---------- Records for the exercise
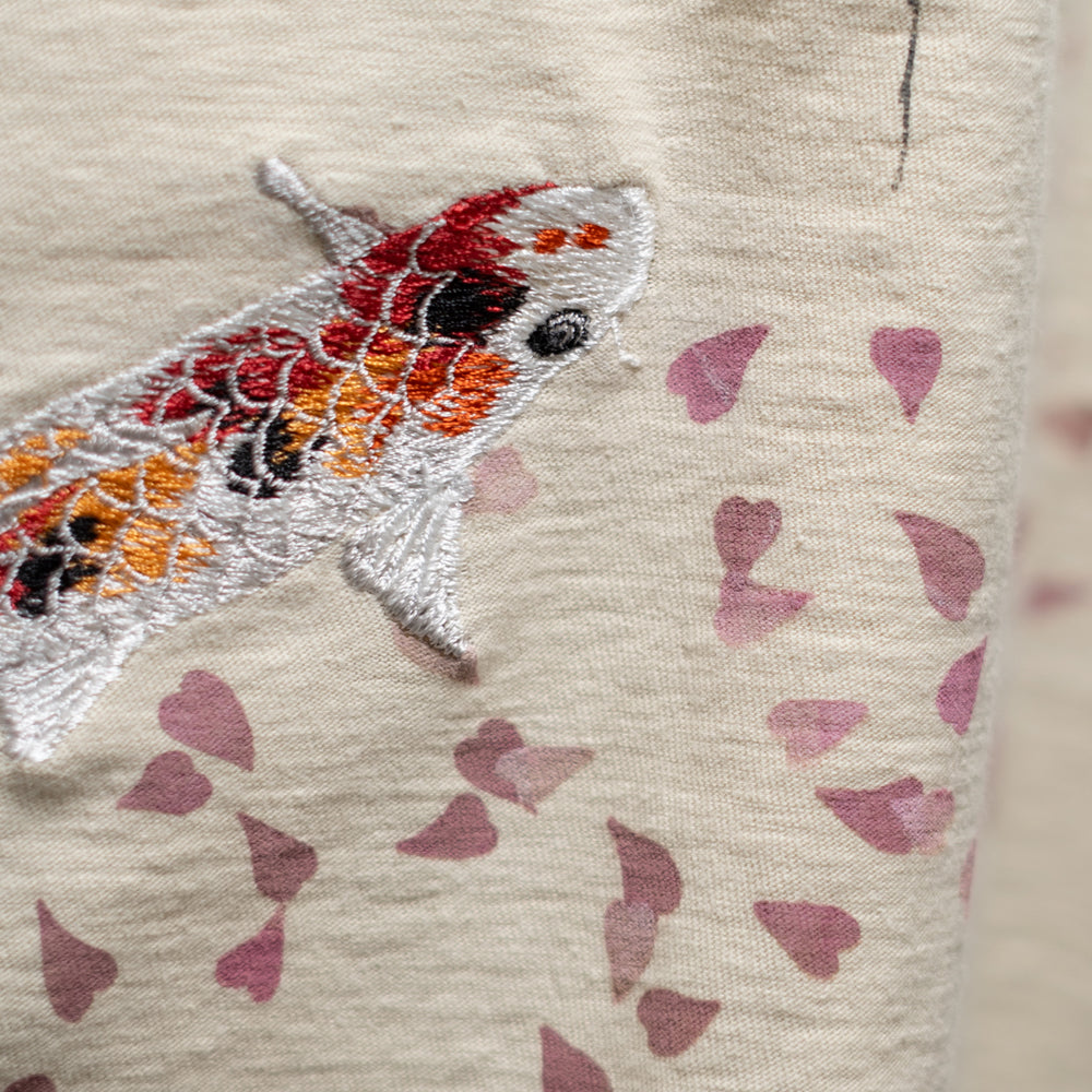 とあるようにこの手振り刺繍の錦鯉がそれを、1枚の絵として伝えてくれています。
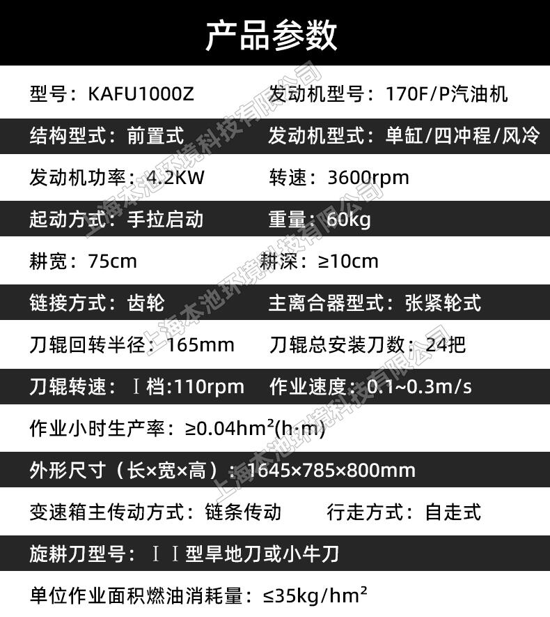 单位作业面积燃油消耗量:≥35kg/hm2
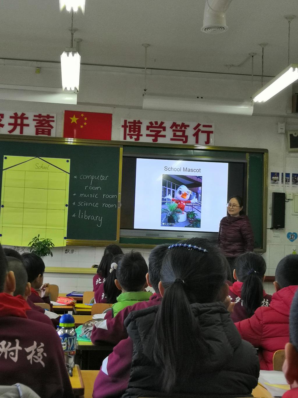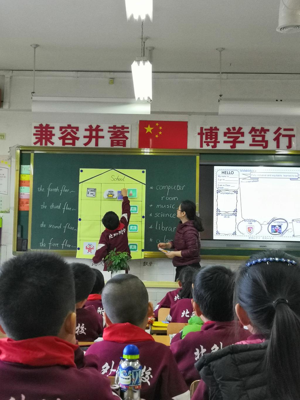 随后, 刘老师通过四张附校的图片将学生们带入到现实生活中来:附校校徽, 附校全景图,附校吉祥物,附校小学楼。孩子们的兴奋点被激发,重点谈了谈小教楼各楼层的教室安排。老师用边贴图标边描述的活动形式激发更多孩子参与表达的热情。
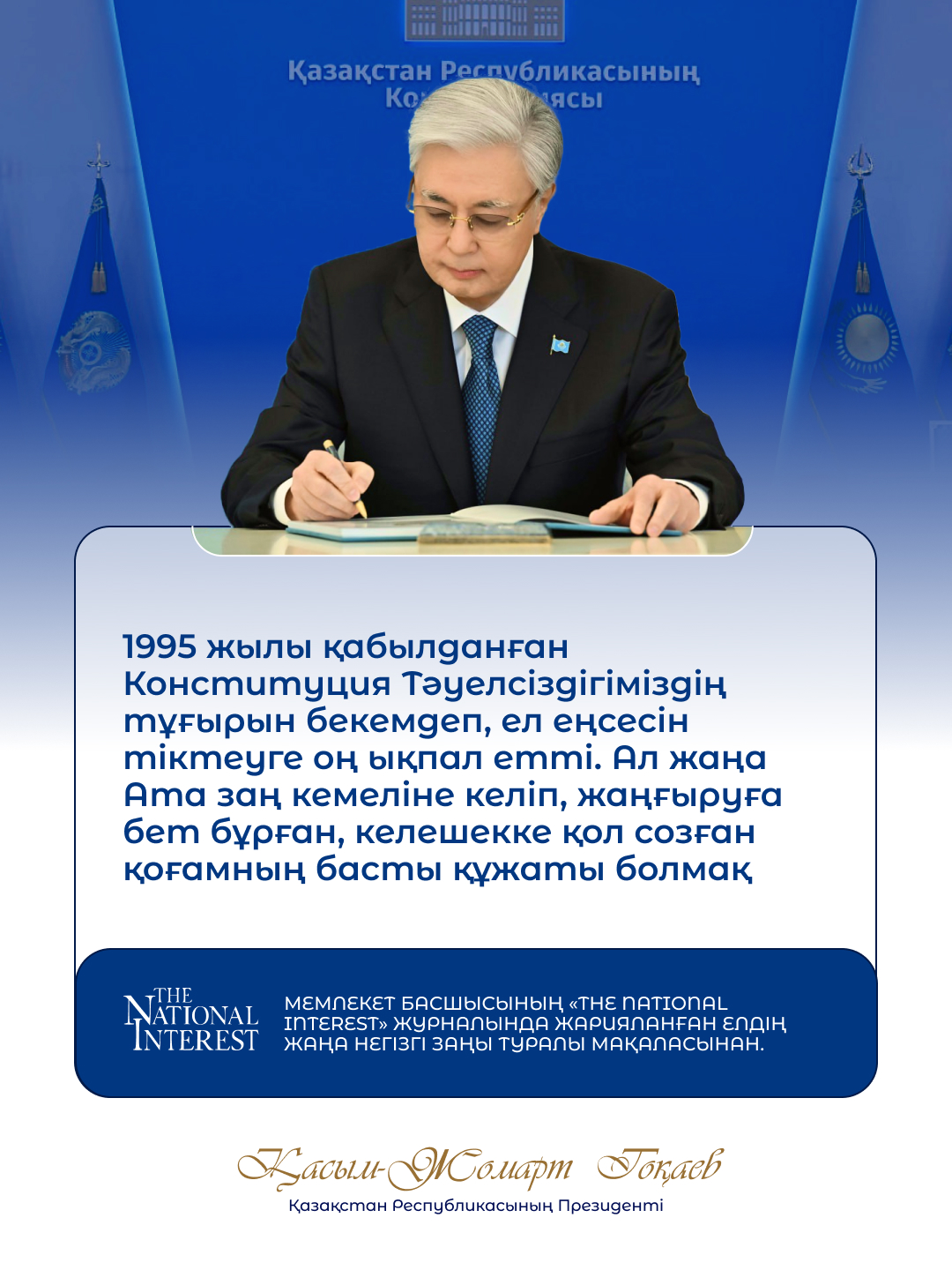 Из статьи Президента Касым-Жомарта Токаева, опубликованной в журнале «The National Interest», о новой Конституции страны.
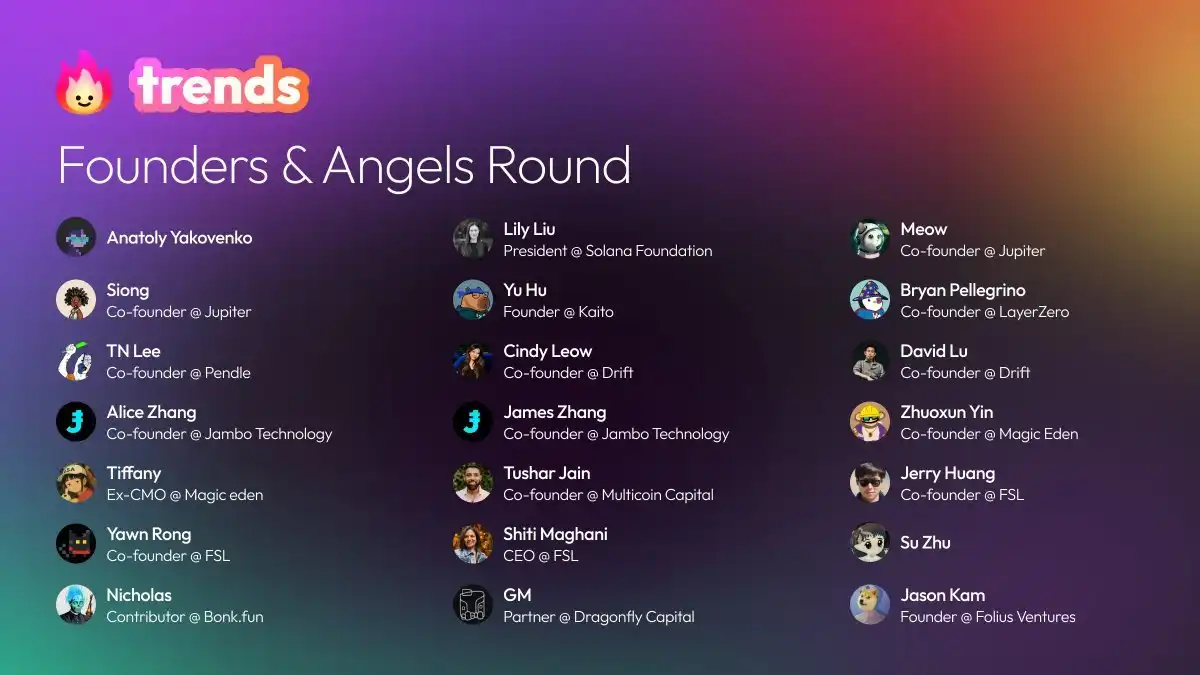 大家可能都认为,「Internet Capital Market 互联网资本市场」是当前受到 Solana **扶持的赛道,但 Trends.fun 做的「Information Capital Market 信息资本市场」同样得到了 Solana 的大力支持。在各类 meme 发射台陷入同质化竞争的情况下,Trends.fun 的「推文**化」受到一众业内明星人物的支持,看看下面这份星光熠熠的投资者名单就能感受到:
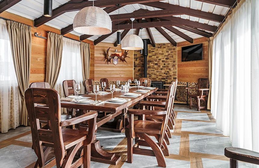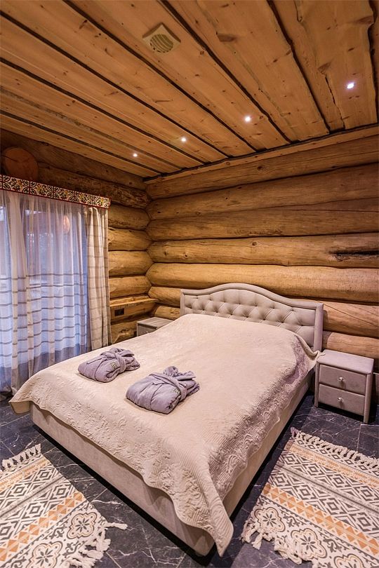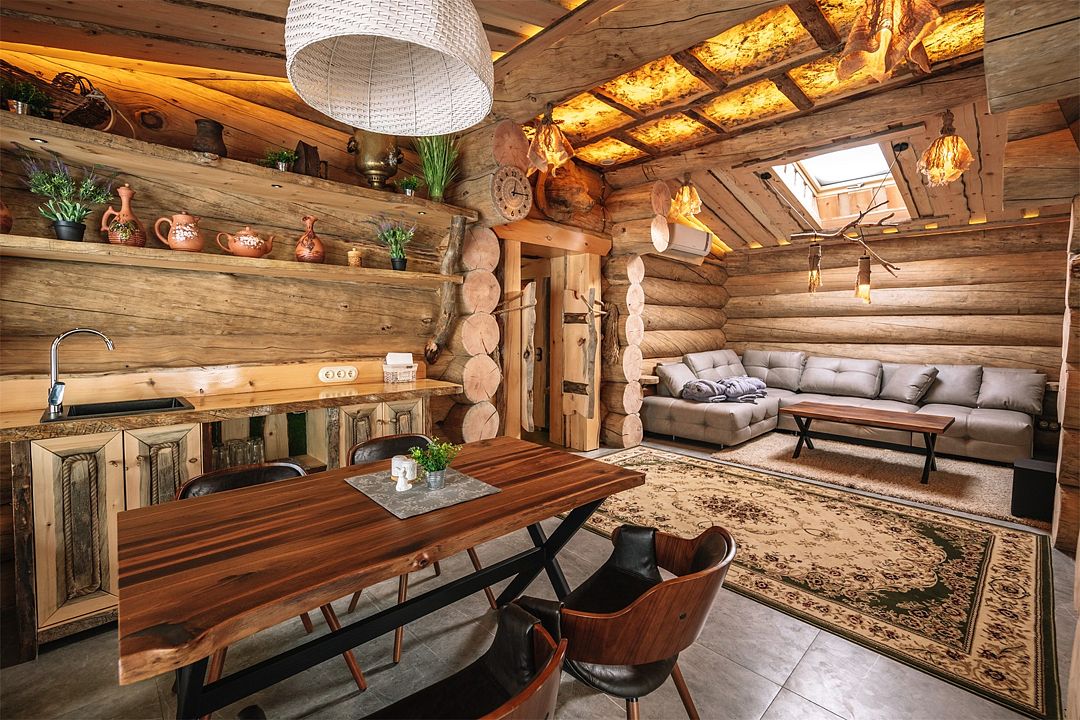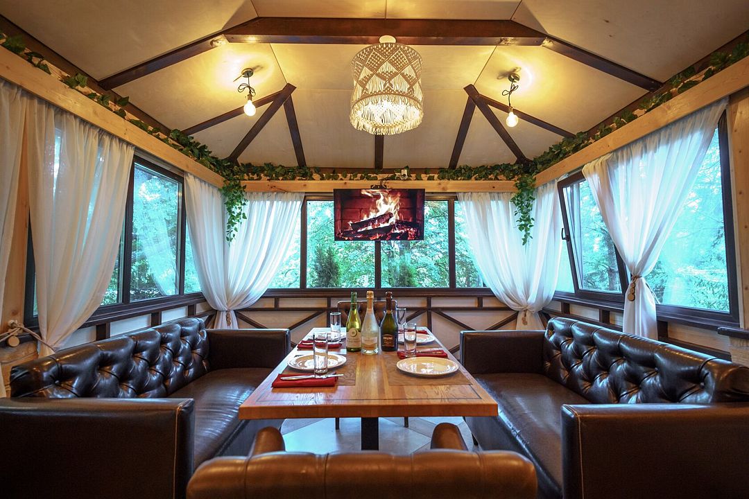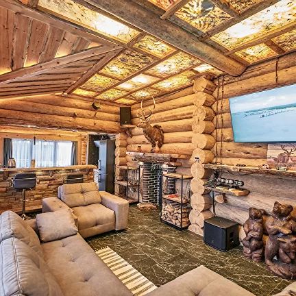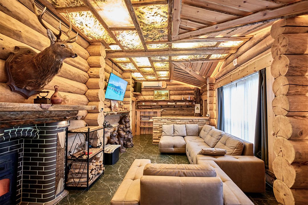В коттедже клуба есть просторная гостиная с камином, барной зоной, мягкой мебелью и множеством оригинальных деталей в интерьере. Кухня оборудована всей необходимой бытовой техникой, а в двух уютных спальнях с комфортом могут разместиться сразу несколько семей. В гостиной диван также раскладывается, трансформируясь в 2 полноценных спальных места.
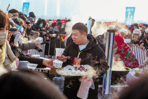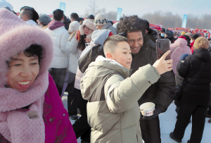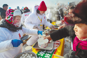 采冰节现场的美食让中外游客过了一把瘾。
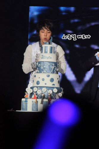 李準基的生日蛋糕也被推上了舞臺,因為昨天是李準基的生日,6000餘粉絲高聲演唱了生日祝福歌。智智用不知什麼時候學的韓語大聲唱著“親愛的準基,祝你生日快樂”,不禁淚光閃閃。智智說:“希望儘快看到李準基的新片。”
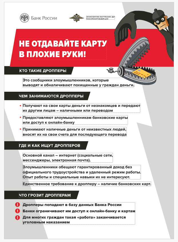 Информация по безопасности, а именно про дропперство и мошенников.
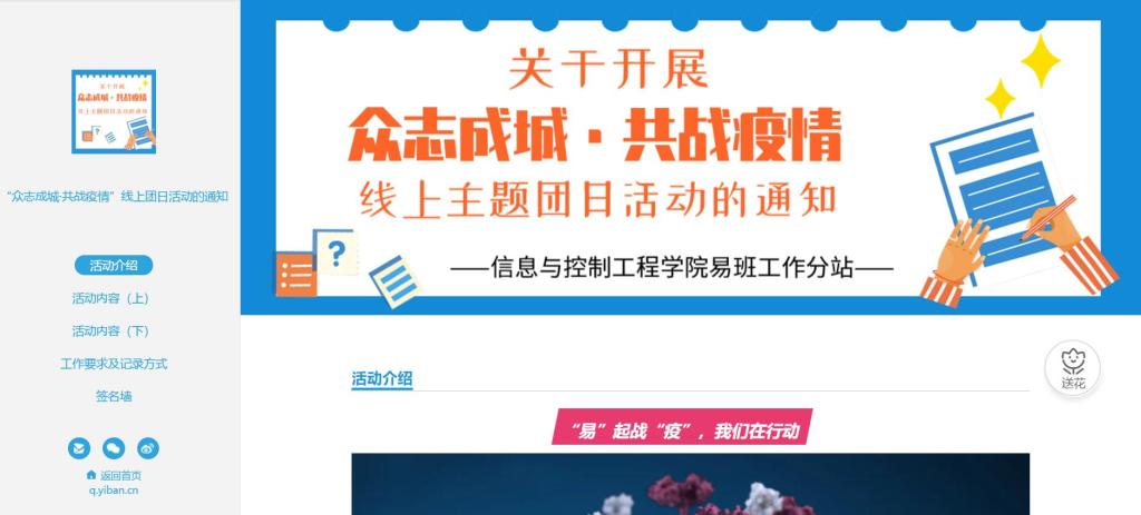 近期,新型冠状病毒感染肺炎疫情防治攻坚战正在全国打响,为保障师生健康,防范病毒传播,使更多人了解防疫相关资讯,做好“不见面”的疫情科普,信息与控制工程学院易班工作分站也积极响应,同心战“疫”,“易”起加油。
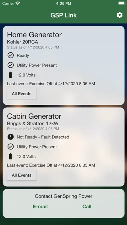 GenSpring Link presents the current status of your generator system any time on your iPhone or iPad, and push notifications keep you up to date as events occur: exercise, generator running, utility power status, and faults. Each day our GenSpring Link monitor reports the status of your generator, including battery voltage, to your GenSpring Link app.
--------------------
Work to be completed. Copy out the data above to the letter, and keep every picture out of it.

Task answer.
 とあるようにこの手振り刺繍の錦鯉がそれを、1枚の絵として伝えてくれています。
 单位作业面积燃油消耗量:≥35kg/hm2
 随后, 刘老师通过四张附校的图片将学生们带入到现实生活中来:附校校徽, 附校全景图,附校吉祥物,附校小学楼。孩子们的兴奋点被激发,重点谈了谈小教楼各楼层的教室安排。老师用边贴图标边描述的活动形式激发更多孩子参与表达的热情。
 Из статьи Президента Касым-Жомарта Токаева, опубликованной в журнале «The National Interest», о новой Конституции страны.
 大家可能都认为,「Internet Capital Market 互联网资本市场」是当前受到 Solana **扶持的赛道,但 Trends.fun 做的「Information Capital Market 信息资本市场」同样得到了 Solana 的大力支持。在各类 meme 发射台陷入同质化竞争的情况下,Trends.fun 的「推文**化」受到一众业内明星人物的支持,看看下面这份星光熠熠的投资者名单就能感受到:
В коттедже клуба есть просторная гостиная с камином, барной зоной, мягкой мебелью и множеством оригинальных деталей в интерьере. Кухня оборудована всей необходимой бытовой техникой, а в двух уютных спальнях с комфортом могут разместиться сразу несколько семей. В гостиной диван также раскладывается, трансформируясь в 2 полноценных спальных места.
 采冰节现场的美食让中外游客过了一把瘾。
 李準基的生日蛋糕也被推上了舞臺,因為昨天是李準基的生日,6000餘粉絲高聲演唱了生日祝福歌。智智用不知什麼時候學的韓語大聲唱著“親愛的準基,祝你生日快樂”,不禁淚光閃閃。智智說:“希望儘快看到李準基的新片。”
 Информация по безопасности, а именно про дропперство и мошенников.
 近期,新型冠状病毒感染肺炎疫情防治攻坚战正在全国打响,为保障师生健康,防范病毒传播,使更多人了解防疫相关资讯,做好“不见面”的疫情科普,信息与控制工程学院易班工作分站也积极响应,同心战“疫”,“易”起加油。
 GenSpring Link presents the current status of your generator system any time on your iPhone or iPad, and push notifications keep you up to date as events occur: exercise, generator running, utility power status, and faults. Each day our GenSpring Link monitor reports the status of your generator, including battery voltage, to your GenSpring Link app.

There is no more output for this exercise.